**Your task**:
The full set of lines below has to be duplicated exactly, with no picture kept.

**Provided material**:

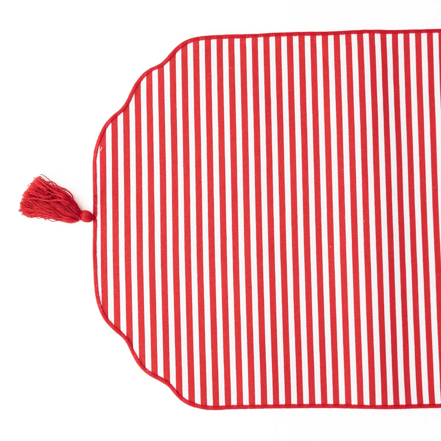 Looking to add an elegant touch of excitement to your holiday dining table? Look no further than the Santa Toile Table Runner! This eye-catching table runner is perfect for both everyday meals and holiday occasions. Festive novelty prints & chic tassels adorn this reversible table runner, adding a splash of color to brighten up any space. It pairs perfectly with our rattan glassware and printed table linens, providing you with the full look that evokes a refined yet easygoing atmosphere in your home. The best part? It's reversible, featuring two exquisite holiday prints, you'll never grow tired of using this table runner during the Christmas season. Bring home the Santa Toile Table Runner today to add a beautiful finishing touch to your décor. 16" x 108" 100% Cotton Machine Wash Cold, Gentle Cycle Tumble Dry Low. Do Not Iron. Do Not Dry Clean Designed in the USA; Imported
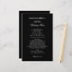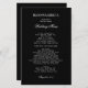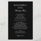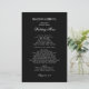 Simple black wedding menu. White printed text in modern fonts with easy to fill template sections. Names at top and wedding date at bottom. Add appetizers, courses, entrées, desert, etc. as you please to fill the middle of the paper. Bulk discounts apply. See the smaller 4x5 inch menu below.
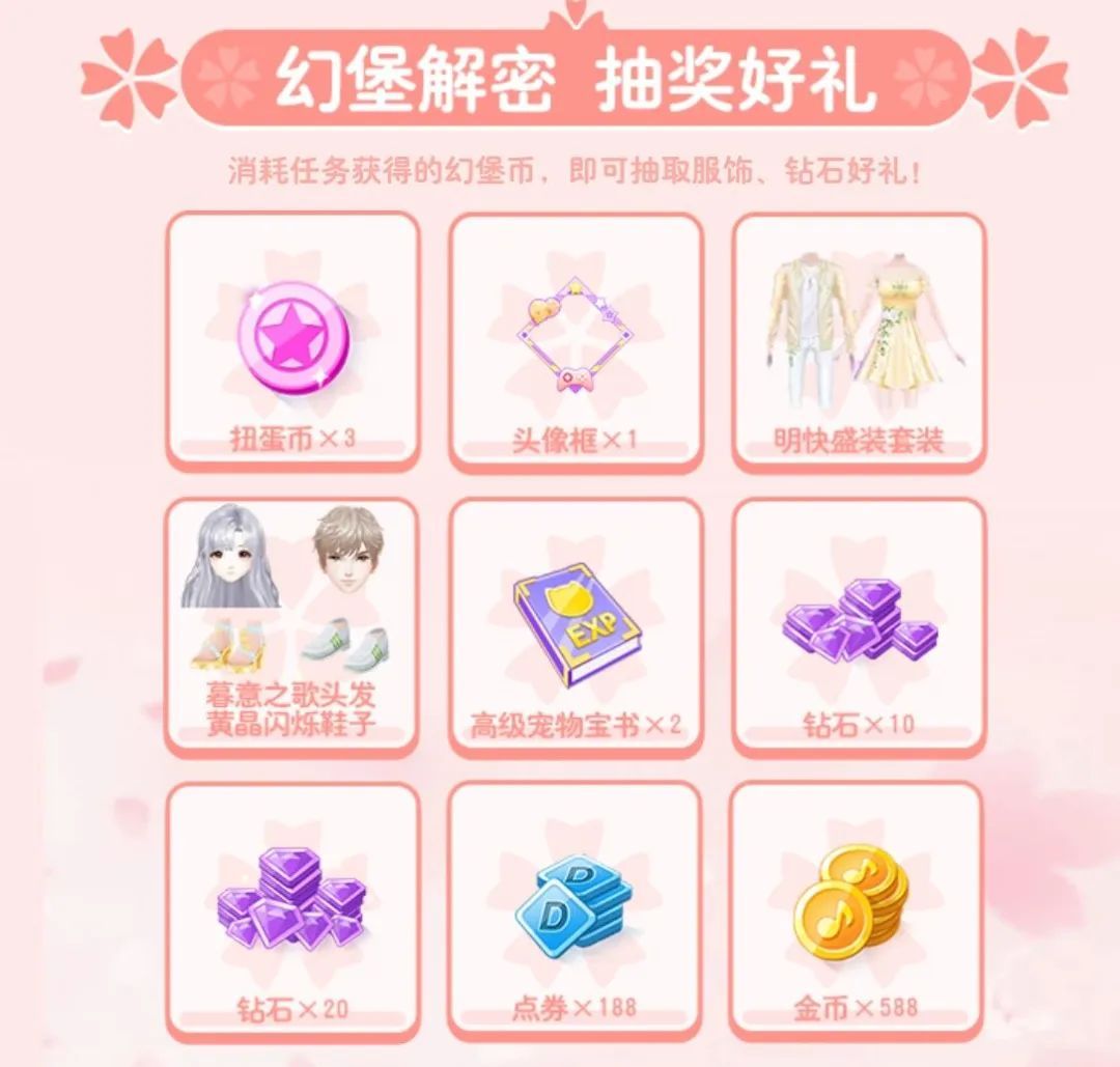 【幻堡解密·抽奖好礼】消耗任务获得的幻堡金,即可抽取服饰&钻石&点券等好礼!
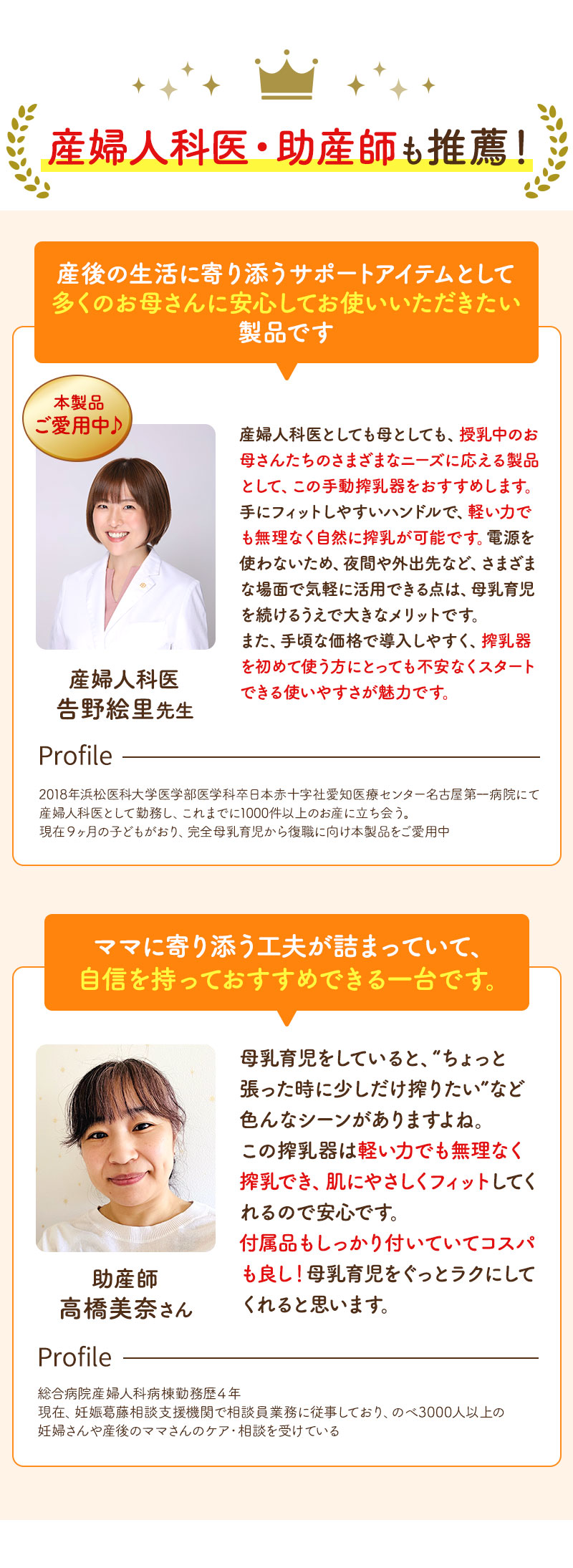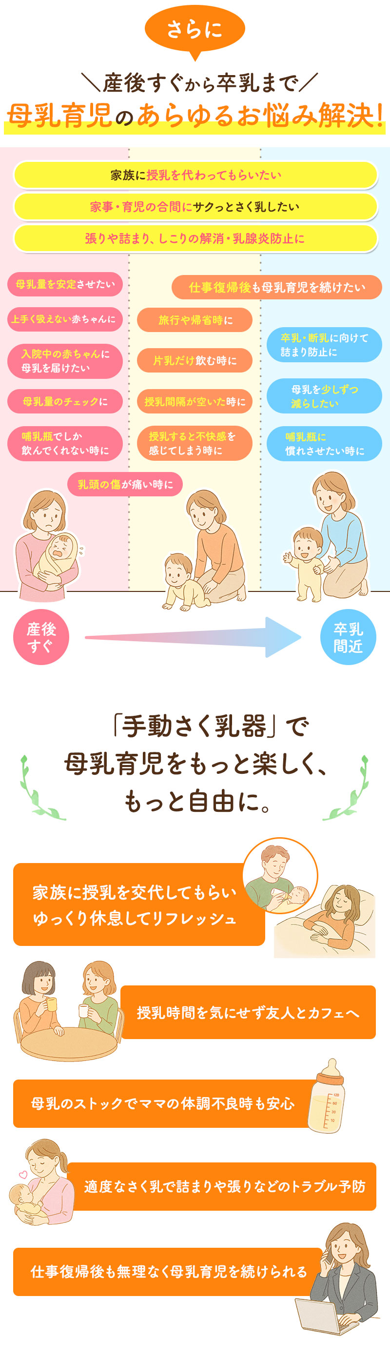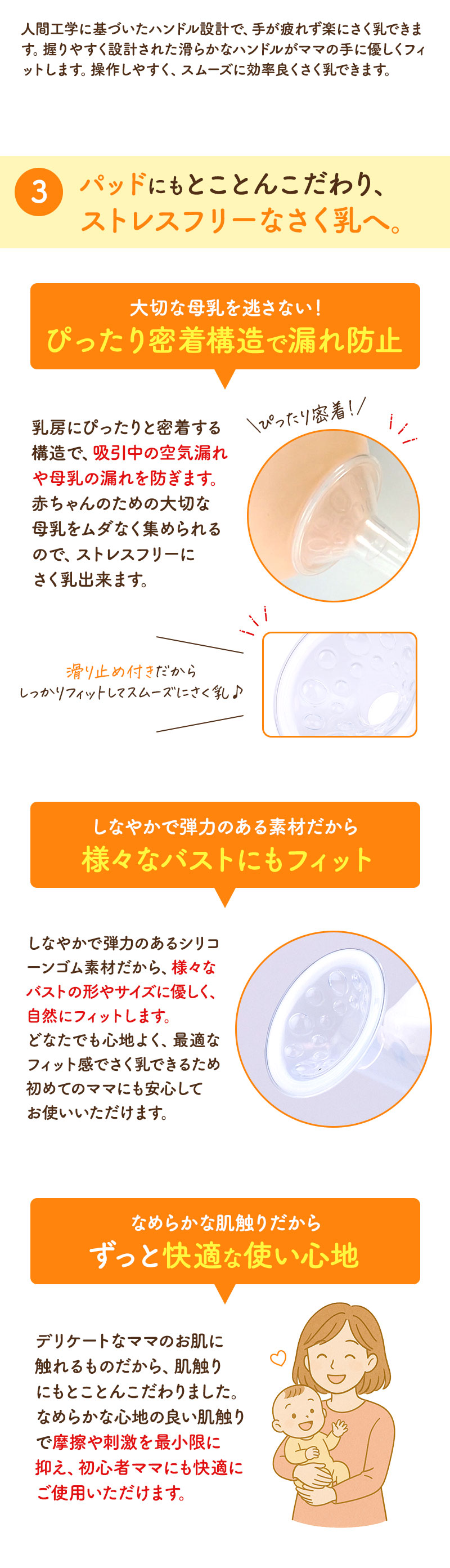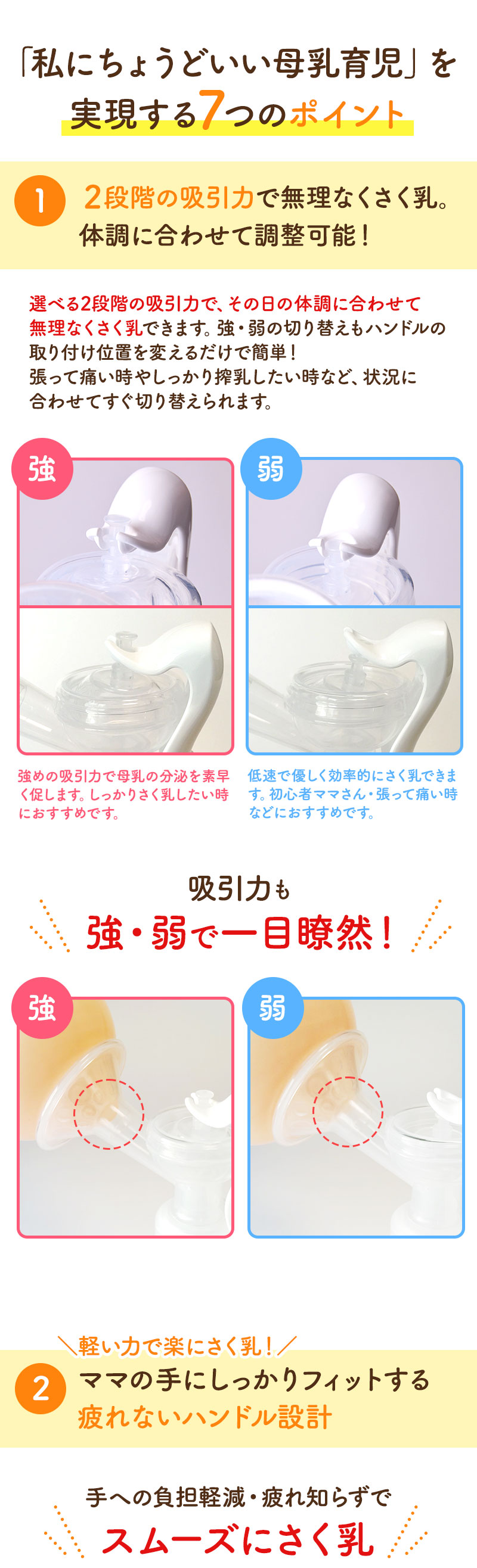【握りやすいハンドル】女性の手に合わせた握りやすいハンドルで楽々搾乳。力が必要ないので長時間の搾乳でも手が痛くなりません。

**Result of this exercise**:
 Looking to add an elegant touch of excitement to your holiday dining table? Look no further than the Santa Toile Table Runner! This eye-catching table runner is perfect for both everyday meals and holiday occasions. Festive novelty prints & chic tassels adorn this reversible table runner, adding a splash of color to brighten up any space. It pairs perfectly with our rattan glassware and printed table linens, providing you with the full look that evokes a refined yet easygoing atmosphere in your home. The best part? It's reversible, featuring two exquisite holiday prints, you'll never grow tired of using this table runner during the Christmas season. Bring home the Santa Toile Table Runner today to add a beautiful finishing touch to your décor. 16" x 108" 100% Cotton Machine Wash Cold, Gentle Cycle Tumble Dry Low. Do Not Iron. Do Not Dry Clean Designed in the USA; Imported
 Simple black wedding menu. White printed text in modern fonts with easy to fill template sections. Names at top and wedding date at bottom. Add appetizers, courses, entrées, desert, etc. as you please to fill the middle of the paper. Bulk discounts apply. See the smaller 4x5 inch menu below.
 【幻堡解密·抽奖好礼】消耗任务获得的幻堡金,即可抽取服饰&钻石&点券等好礼!
【握りやすいハンドル】女性の手に合わせた握りやすいハンドルで楽々搾乳。力が必要ないので長時間の搾乳でも手が痛くなりません。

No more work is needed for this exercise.